He stated that the 6th, 7th, 8th and 9th Annual General meetings for the years 2019, 2020, 2021 and 2022 were held on May 16, 2019, May 28, 2020, May 20, 2071, and May 18, 2022, respectively. Adding that there has been no communication of a proposed date or any consultation whatsoever pertaining to the Annual General Meeting for the year 2023. And that out of concern and in search of necessary clarifications, he wrote a letter dated March 1, 2023, to the defendant requesting that as a shareholder, he be assured that the company will hold is Annual General Meeting this year, and when due However, the defendant ignored my request for confirmation of this crucial fact and continues to conduct operations, as though it is business as usual.

He stated that he had serious apprehension that the officers of the defendant have no interest of holding the Annual General Meeting of the Defendant in May 2023, of at any point in time, and verily believe that this is cause for serious concern.
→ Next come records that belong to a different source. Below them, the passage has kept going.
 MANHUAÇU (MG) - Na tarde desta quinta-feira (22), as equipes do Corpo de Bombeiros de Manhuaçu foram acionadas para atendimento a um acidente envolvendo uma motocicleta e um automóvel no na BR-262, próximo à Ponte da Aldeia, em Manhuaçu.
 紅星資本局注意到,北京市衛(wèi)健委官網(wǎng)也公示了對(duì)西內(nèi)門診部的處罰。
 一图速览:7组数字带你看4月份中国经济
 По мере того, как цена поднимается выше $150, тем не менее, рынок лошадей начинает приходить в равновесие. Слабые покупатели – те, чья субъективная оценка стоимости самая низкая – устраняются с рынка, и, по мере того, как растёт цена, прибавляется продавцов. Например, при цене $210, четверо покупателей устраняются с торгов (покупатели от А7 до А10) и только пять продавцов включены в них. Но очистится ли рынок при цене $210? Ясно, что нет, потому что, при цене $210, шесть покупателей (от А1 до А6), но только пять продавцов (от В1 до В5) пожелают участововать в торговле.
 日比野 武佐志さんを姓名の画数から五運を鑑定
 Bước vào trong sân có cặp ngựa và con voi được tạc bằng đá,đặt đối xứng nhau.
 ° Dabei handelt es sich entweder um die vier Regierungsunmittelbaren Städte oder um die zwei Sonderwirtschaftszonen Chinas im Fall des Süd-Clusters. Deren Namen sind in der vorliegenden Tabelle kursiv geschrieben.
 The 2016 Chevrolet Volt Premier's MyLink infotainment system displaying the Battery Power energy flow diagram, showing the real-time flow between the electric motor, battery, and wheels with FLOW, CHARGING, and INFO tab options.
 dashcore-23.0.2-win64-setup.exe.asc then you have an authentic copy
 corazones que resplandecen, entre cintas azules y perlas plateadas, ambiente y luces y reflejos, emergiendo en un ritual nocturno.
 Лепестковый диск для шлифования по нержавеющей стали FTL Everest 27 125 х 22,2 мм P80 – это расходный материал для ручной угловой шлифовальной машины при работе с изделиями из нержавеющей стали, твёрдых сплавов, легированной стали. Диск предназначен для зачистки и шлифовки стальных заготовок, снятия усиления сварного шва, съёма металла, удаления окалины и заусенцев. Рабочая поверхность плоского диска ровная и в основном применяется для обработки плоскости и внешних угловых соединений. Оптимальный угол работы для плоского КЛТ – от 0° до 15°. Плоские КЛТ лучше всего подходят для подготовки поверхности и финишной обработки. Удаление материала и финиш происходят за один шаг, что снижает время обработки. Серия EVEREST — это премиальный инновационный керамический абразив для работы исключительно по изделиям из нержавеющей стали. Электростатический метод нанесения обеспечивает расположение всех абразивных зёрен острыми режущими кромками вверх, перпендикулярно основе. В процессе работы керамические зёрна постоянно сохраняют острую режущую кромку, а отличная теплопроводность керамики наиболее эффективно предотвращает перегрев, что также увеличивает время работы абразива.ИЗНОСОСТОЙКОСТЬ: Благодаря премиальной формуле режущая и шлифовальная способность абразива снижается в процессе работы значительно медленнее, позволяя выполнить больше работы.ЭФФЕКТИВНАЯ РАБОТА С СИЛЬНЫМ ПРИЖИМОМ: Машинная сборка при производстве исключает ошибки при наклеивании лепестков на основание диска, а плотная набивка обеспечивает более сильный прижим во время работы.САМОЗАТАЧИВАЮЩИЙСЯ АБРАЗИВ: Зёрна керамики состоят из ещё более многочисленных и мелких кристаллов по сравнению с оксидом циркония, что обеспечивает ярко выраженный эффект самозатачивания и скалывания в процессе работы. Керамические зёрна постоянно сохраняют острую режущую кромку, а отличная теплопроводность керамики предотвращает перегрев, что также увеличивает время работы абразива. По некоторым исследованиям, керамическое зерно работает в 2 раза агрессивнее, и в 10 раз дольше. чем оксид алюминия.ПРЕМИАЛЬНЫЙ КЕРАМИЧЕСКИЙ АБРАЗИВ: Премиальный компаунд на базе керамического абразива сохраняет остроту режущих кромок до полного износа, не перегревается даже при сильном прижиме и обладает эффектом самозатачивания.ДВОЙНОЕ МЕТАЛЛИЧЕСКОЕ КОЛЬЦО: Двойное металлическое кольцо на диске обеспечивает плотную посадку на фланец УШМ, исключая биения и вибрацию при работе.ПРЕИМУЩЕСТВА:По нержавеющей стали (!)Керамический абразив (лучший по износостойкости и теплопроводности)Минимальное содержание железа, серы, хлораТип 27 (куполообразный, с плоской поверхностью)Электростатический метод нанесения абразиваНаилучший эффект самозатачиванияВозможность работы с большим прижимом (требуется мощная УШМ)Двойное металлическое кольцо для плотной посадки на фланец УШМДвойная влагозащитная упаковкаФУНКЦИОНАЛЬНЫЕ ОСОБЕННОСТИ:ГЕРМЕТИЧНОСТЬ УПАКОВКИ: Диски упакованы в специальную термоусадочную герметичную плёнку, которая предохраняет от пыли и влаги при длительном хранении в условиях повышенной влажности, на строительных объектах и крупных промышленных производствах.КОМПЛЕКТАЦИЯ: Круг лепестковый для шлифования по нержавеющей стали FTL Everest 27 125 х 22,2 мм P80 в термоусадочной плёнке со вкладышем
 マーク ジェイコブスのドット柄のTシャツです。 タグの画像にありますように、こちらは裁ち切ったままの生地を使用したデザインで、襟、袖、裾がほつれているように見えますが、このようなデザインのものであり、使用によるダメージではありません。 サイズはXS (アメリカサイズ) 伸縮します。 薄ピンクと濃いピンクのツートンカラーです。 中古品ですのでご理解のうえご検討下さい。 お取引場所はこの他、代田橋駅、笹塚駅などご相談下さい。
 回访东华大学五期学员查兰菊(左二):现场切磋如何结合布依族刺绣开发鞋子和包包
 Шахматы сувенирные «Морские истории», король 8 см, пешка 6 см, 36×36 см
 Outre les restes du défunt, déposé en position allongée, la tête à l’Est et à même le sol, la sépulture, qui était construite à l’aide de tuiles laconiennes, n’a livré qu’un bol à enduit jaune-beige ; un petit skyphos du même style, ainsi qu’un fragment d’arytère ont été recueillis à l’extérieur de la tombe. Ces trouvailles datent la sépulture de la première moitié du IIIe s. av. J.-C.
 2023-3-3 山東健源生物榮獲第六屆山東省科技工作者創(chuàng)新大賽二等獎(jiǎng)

Adding that that the holding of an Annual General Meeting is a matter of statutory compliance for companies in Nigeria and as such grave issue which could attract stiff regulatory sanctions and penalties, and ultimately impaired my pecuniary interest in the defendant.

Furthermore, the lawyer states that failure and or refusal of the defendant to hold an Annual General Meeting portends to significantly affect investors’ confidence in the defendant and may tend to loss of business and investment in the defendant, to my determent as a shareholder.
He stated further that non-holding of the Annual General Meeting of the Defendant will diminish and greatly impact his investments as a shareholder in the defendant and constitute a serious threat to my economic wellbeing. And that non-holding of the Annual General Meeting will prevent the transparent and appropriate running of the Defendant.

He stated that some persons or group of persons including but not limited to present or former Director(s), Shareholder(s), and Employee(s) of the Defendant acting jointly or individually, are making plans to unjustly interfere with the management and affairs of the defendant, and unless a restraining order is made by the court as sought in the Originating Summons, any persons or group of persons may unjustly interfere or continue interfere with the affairs and management of the Defendant.

He also stated that he is verily believe that there is no cogent reason whatsoever which justifies the suspected plan of the Defendant not to hold ks Annual General Meeting and verily believe that unless this Court directs the defendant to comply with its statutory obligation, grave injustice will be occasioned to him and other shareholders of the defendant.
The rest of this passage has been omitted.